ABOUT THIS EXERCISE — Omit the images. Reproduce each line of the records exactly as it appears.

[MATERIAL PROVIDED — start]

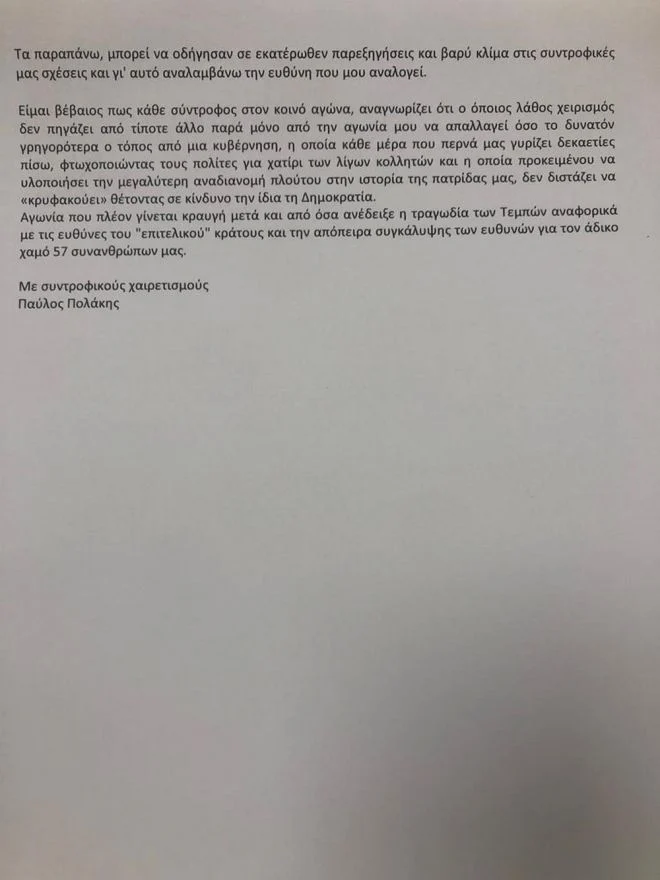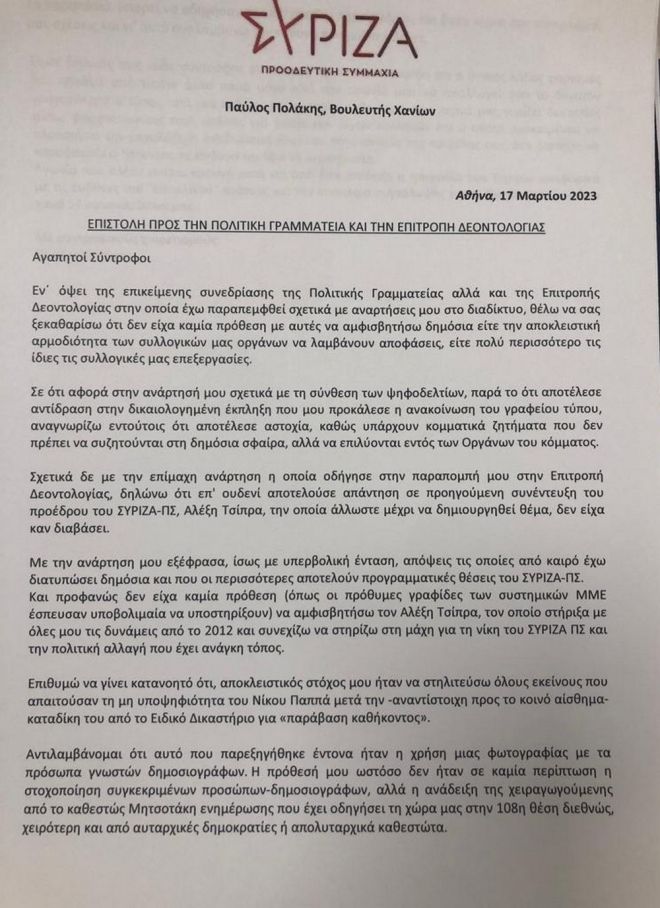 Τις αποφάσεις για τον Π. Πολάκη θα λάβουν τα συλλογικά όργανα του ΣΥΡΙΖΑ, ενώ η επιστολή έχει ως ακολούθως:
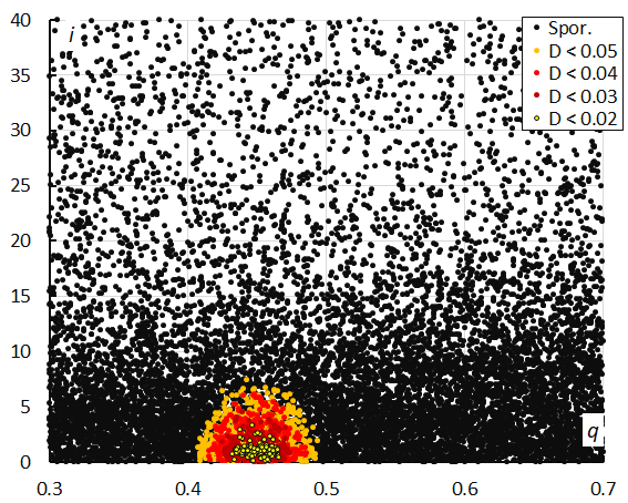 Figure 17 – Inclination i versus the perihelion distance q color-coded for different classes of D-criteria thresholds, for λʘ between 326° and 341°.
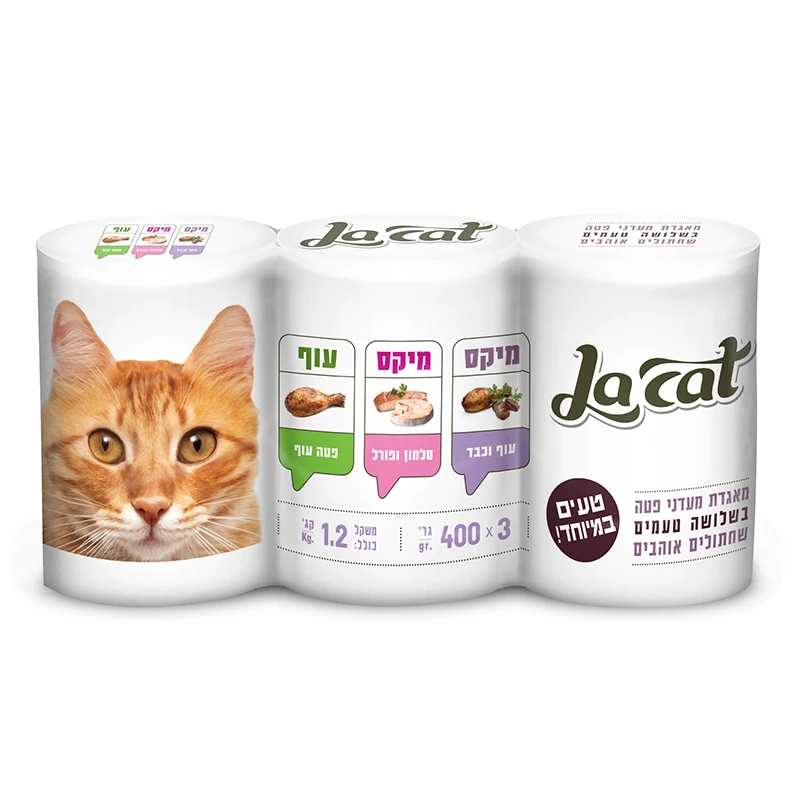 שלישיית מעדני בשר משובח במרקם פטה-בטעמים: עוף, כבד עוף , ומיקס סלמון פורל.מיוצר מבשר אמיתי ,במרקם פטה עדין, רך וטעים. ללא צבעי מאכל.מיועד לכל סוגי החתולים בכל הגילאים כמזון משלים.
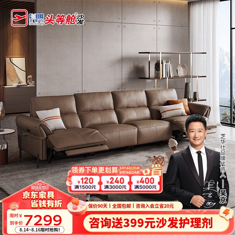 芝华仕(CHEERS)头等舱零靠墙意式轻奢真皮功能沙发客厅芝华士50795升级四棕A价格:7299.00元!
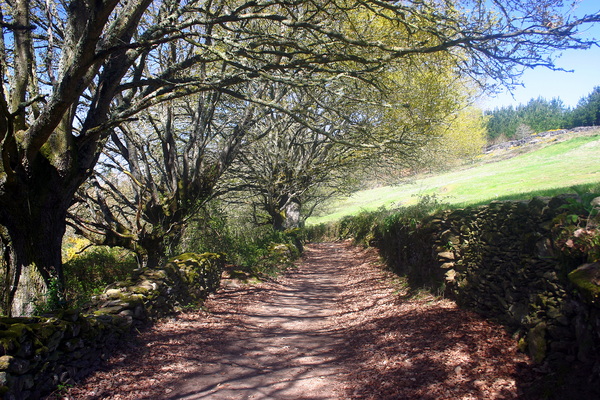 Castromaior. Kein Verkehr, keine Menschen, nur die zwei Barfrauen ein Kleinkind und ich. Sitze draußen. Schöne Bar, dunkler unbeleuchteter Innenraum. Wunderbar kühl nach der heißen, schattenlosen Straße. Ein kleines Stück habe ich mich von einem Traktor mit Gülleanhänger ziehen lassen. Der Bauer fand das aber wohl nicht so lustig. Kleine Beobachtung: alle spanischen Kinder scheinen blond und alle Erwachsenen schwarzhaarig zu sein. Punta la Reia. Letzte Stunde war Wunderschön. Kleine gut asphaltierte Straße. Gelb blühender Ginster rechts und links. Nadelwald und kein Verkehr. Auch kein Kuhmist mehr wohin man blickt. Die Bauern vor ihren Häuslein grüßen freundlich. Sehr viel Lokalkolorit auf diesem Abschnitt, so könnte das vor ein paar hundert Jahren auch schon ausgesehen haben. Aber damals waren sicher mehr Pilger unterwegs als heute. Auf dem letzten Wegstein den ich vor La Reia wahrgenommen habe stand etwas von 60km. Also fast da. Die Pilger früher müssen drei Kreuze gemacht haben wenn sie nach all den Bergen und Hügeln hier ankamen. Ab jetzt geht es fast flach bis Santiago. Neben den Bauernhäusern stehen häufig ein Meter schmale und an die vier Meter lange Häuschen auf Stelzen. Für was die wohl gut sein mögen. Für die Aufbewahrung von Stroh scheinen sie mir ungeeignet. Vielleicht was Sakrales. Der Führer schweigt sich zu dem Thema aus, muss morgen mal jemanden fragen.
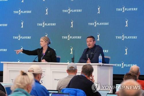 | ▲ 경기 순연을 발표하는 게리 영(오른쪽) PGA 투어 수석 심판 [로이터=연합뉴스] |
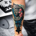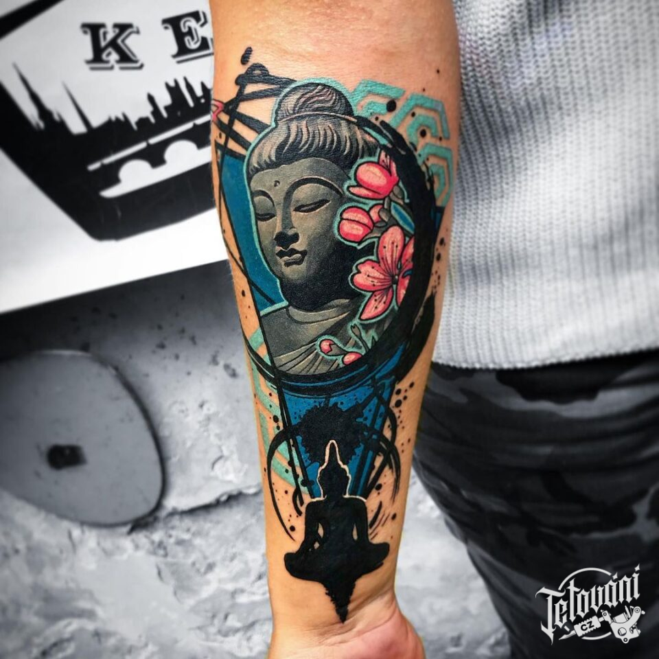 Tetování Buddha, květy Lilie, tvary na předloktí
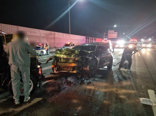 (부산=연합뉴스) 박성제 기자 = 6일 0시께 남해고속도로 부산 방향 동김해 나들목 인근에서 30대 운전자 A씨가 몰던 승용차가 도로에 정차 중이던 차량을 들이받았다.
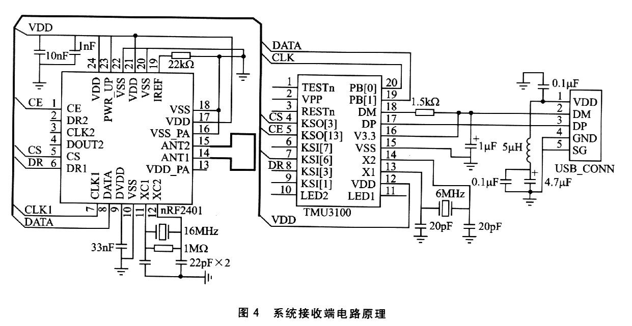 图4是系统接收端电路原理。由于TMU3100由PC供电,而PC机USB接口所提供的电压VDD干扰较大,故对VDD进行了π滤波。
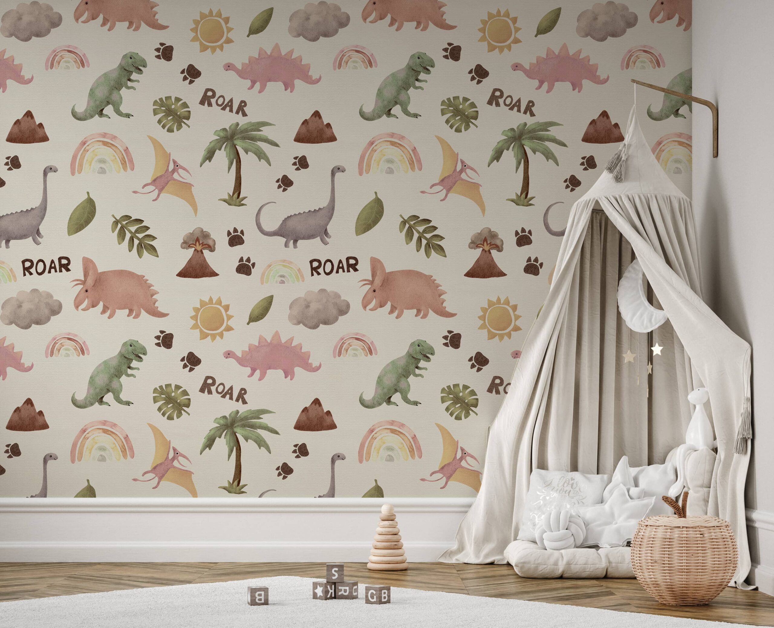 Aduceți o aventură de neuitat în casa dvs. cu fototapetul „Jurassic Terrain”. Modelul colorat cu desene cu dinozauri vă va transporta în vremurile în care aceste creaturi preistorice stăpâneau Pământul. Detalii delicate, precum tiranozaurii maiestuoși și stegozaurii veseli, creează o atmosferă plină de energie și distracție, perfectă pentru micii exploratori.
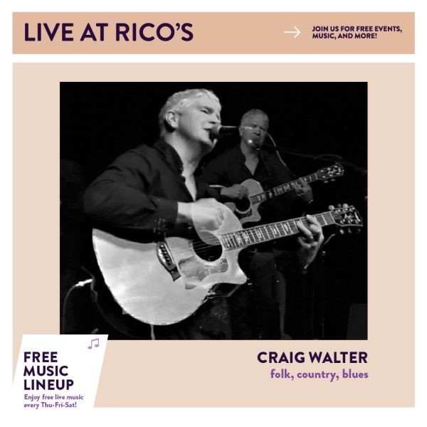 Join us for a night of authentic live music with Craig Walter, a talented singer, songwriter, and performer who’s been a familiar face in Colorado Springs for years. With a rich career spanning across the United States, Craig brings his unique blend of folk, country, and blues to the stage, creating a musical experience that feels both timeless and fresh.
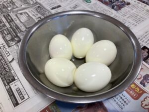 ついでに申しますと↓の卵は↓の↓のつるんとピカピカのゆで卵になりました
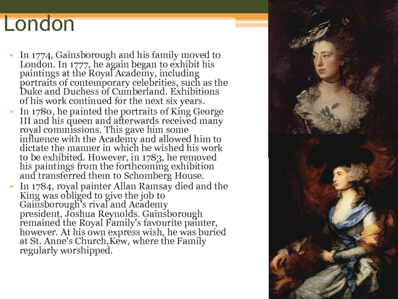 In 1774, Gainsborough and his family moved to London. In 1777,

[MATERIAL PROVIDED — finish]

OUTPUT FOR THIS EXERCISE —
 Τις αποφάσεις για τον Π. Πολάκη θα λάβουν τα συλλογικά όργανα του ΣΥΡΙΖΑ, ενώ η επιστολή έχει ως ακολούθως:
 Figure 17 – Inclination i versus the perihelion distance q color-coded for different classes of D-criteria thresholds, for λʘ between 326° and 341°.
 שלישיית מעדני בשר משובח במרקם פטה-בטעמים: עוף, כבד עוף , ומיקס סלמון פורל.מיוצר מבשר אמיתי ,במרקם פטה עדין, רך וטעים. ללא צבעי מאכל.מיועד לכל סוגי החתולים בכל הגילאים כמזון משלים.
 芝华仕(CHEERS)头等舱零靠墙意式轻奢真皮功能沙发客厅芝华士50795升级四棕A价格:7299.00元!
 Castromaior. Kein Verkehr, keine Menschen, nur die zwei Barfrauen ein Kleinkind und ich. Sitze draußen. Schöne Bar, dunkler unbeleuchteter Innenraum. Wunderbar kühl nach der heißen, schattenlosen Straße. Ein kleines Stück habe ich mich von einem Traktor mit Gülleanhänger ziehen lassen. Der Bauer fand das aber wohl nicht so lustig. Kleine Beobachtung: alle spanischen Kinder scheinen blond und alle Erwachsenen schwarzhaarig zu sein. Punta la Reia. Letzte Stunde war Wunderschön. Kleine gut asphaltierte Straße. Gelb blühender Ginster rechts und links. Nadelwald und kein Verkehr. Auch kein Kuhmist mehr wohin man blickt. Die Bauern vor ihren Häuslein grüßen freundlich. Sehr viel Lokalkolorit auf diesem Abschnitt, so könnte das vor ein paar hundert Jahren auch schon ausgesehen haben. Aber damals waren sicher mehr Pilger unterwegs als heute. Auf dem letzten Wegstein den ich vor La Reia wahrgenommen habe stand etwas von 60km. Also fast da. Die Pilger früher müssen drei Kreuze gemacht haben wenn sie nach all den Bergen und Hügeln hier ankamen. Ab jetzt geht es fast flach bis Santiago. Neben den Bauernhäusern stehen häufig ein Meter schmale und an die vier Meter lange Häuschen auf Stelzen. Für was die wohl gut sein mögen. Für die Aufbewahrung von Stroh scheinen sie mir ungeeignet. Vielleicht was Sakrales. Der Führer schweigt sich zu dem Thema aus, muss morgen mal jemanden fragen.
 | ▲ 경기 순연을 발표하는 게리 영(오른쪽) PGA 투어 수석 심판 [로이터=연합뉴스] |
 Tetování Buddha, květy Lilie, tvary na předloktí
 (부산=연합뉴스) 박성제 기자 = 6일 0시께 남해고속도로 부산 방향 동김해 나들목 인근에서 30대 운전자 A씨가 몰던 승용차가 도로에 정차 중이던 차량을 들이받았다.
 图4是系统接收端电路原理。由于TMU3100由PC供电,而PC机USB接口所提供的电压VDD干扰较大,故对VDD进行了π滤波。
 Aduceți o aventură de neuitat în casa dvs. cu fototapetul „Jurassic Terrain”. Modelul colorat cu desene cu dinozauri vă va transporta în vremurile în care aceste creaturi preistorice stăpâneau Pământul. Detalii delicate, precum tiranozaurii maiestuoși și stegozaurii veseli, creează o atmosferă plină de energie și distracție, perfectă pentru micii exploratori.
 Join us for a night of authentic live music with Craig Walter, a talented singer, songwriter, and performer who’s been a familiar face in Colorado Springs for years. With a rich career spanning across the United States, Craig brings his unique blend of folk, country, and blues to the stage, creating a musical experience that feels both timeless and fresh.
 ついでに申しますと↓の卵は↓の↓のつるんとピカピカのゆで卵になりました
 In 1774, Gainsborough and his family moved to London. In 1777,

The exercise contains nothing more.